What do you mean by "pages [from] when I started the page tracking to checkpoint LSN I have provided"?

Can you please define this concept in coherent way?

Sorry, I am able to explain the problem.

But is what backup/clone expects from page tracking.

1) Ask the server to start page-tracking. In our example, the server returns 100 as page-tracking LSN. so we call it page-tracking start LSN. At that moment checkpoint LSN was 80. But that is not our interest.  we would use this page-tracking start LSN to get the list of the modified page later. 

 server now guarantees that  any page flushed after will be tracked( 100 is the maximum LSN at that moment, any page will have LSN < 100, so all the pages flushed followed now will be tracked)

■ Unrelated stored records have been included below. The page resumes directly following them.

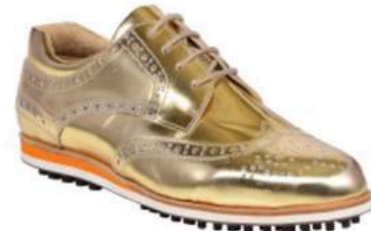
TRENTO - Ladies shoe - gold
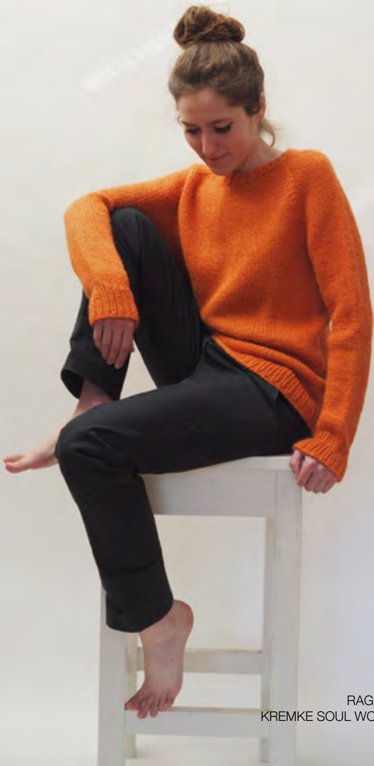
RAGLAN basics KREMKE SOUL WOOL LLAMA
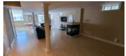
Pic. 27: Rec room
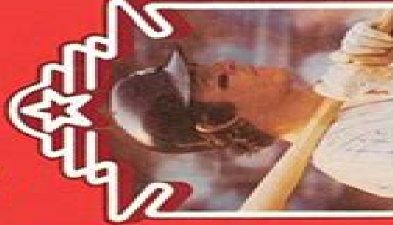
BUCKY DENT New York Yankees World Series MVP
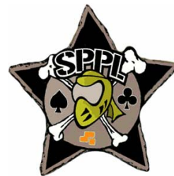
SPPL SCENARIO CHALLENGE Regional Qualifier August 21 st & 22 nd , 2010

THE GREATEST GAMES ON EARTH! Only @ HELL SURVIVORS PAINTBALL PLAYFIELD Pre-Register On-Line Now! HellSurvivors.com
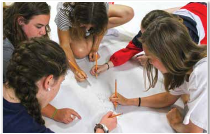
Healthy Waters Service Project participants designing a mural
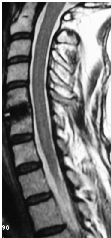
Figure 4 - Sagittal T2 weighted post-operative images through the cervical spine demonstrating remarkable reduction of the syrinx
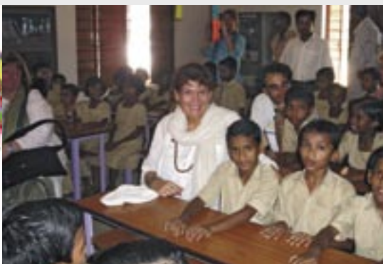
ADULTS were able to sit on school benches again during the inauguration of the school library
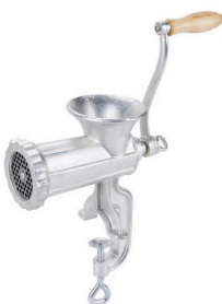
Weston Manual Meat Grinder
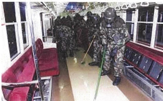
Figure 3: Japan Self-Defense Forces chemical troops removing poisonous substances.

The attack has shown the possibility of terrorists easily using chemical gas such as sarin, declared by the United Nations as a “weapons of mass destruction.” 18 Due to the advancement of technology, anyone can obtain unconventional weapons with ease.
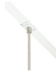
MonoRail T-Bar Connector

The T-bar clip twists into the slat. (Use only if local electrical codes allow). Specify 15/16" or 9/16" slat.
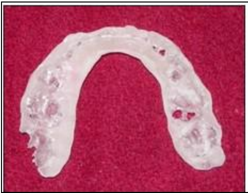
Fig 6: Fabricated Occlusal Splint

Three months after surgical procedure it was found that approximately 1mm residual space was left distal to all canines, so post surgical orthodontics was performed for 3 months for residual space closure and minor leveling and alignment. Short class 2 elastics were given on both sides with class 1 elastics in the lower arch. The case was deboneded after 3 months of post surgical orthodontics.
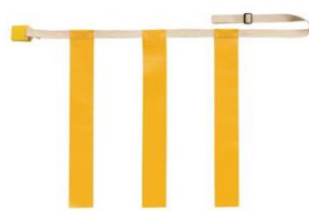
Yellow Flags SKU# 1149524
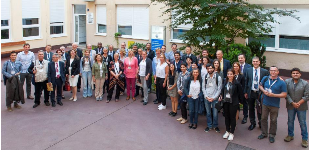
Fig. 1. Participants of the Dental Anthropology Scientific Symposium Zagreb 2016 in the yard of the School of Dental Medicine University of Zagreb.

http://dental-anthropology-symposium.sfzg.hr/

Backup/clone copies ibd without copying the redo logs. 

After copying data files. Backup/clone asks the server to provide the list of modified pages from the moment page tracking was started to the current checkpoint LSN. As they would copy the redo logs after the checkpoint LSN and can rely on them for modified pages.
 
The input to get_changes_pages would be page-tracking start LSN and an LSN less than the current checkpoint. 
get_pages(100,90) Should work. I do not understand why the second argument should be more than first. one is system LSN and the other checkpoint LSN. and comparison of them doesn't make any sense. 

All we need to ensure is the second argument should not be more than the checkpoint LSN of the system. 

Now clone doesn't need to wait for checkpoint LSN to be more than page tracking LSN. But the server has put this restriction on mysqlbackup component.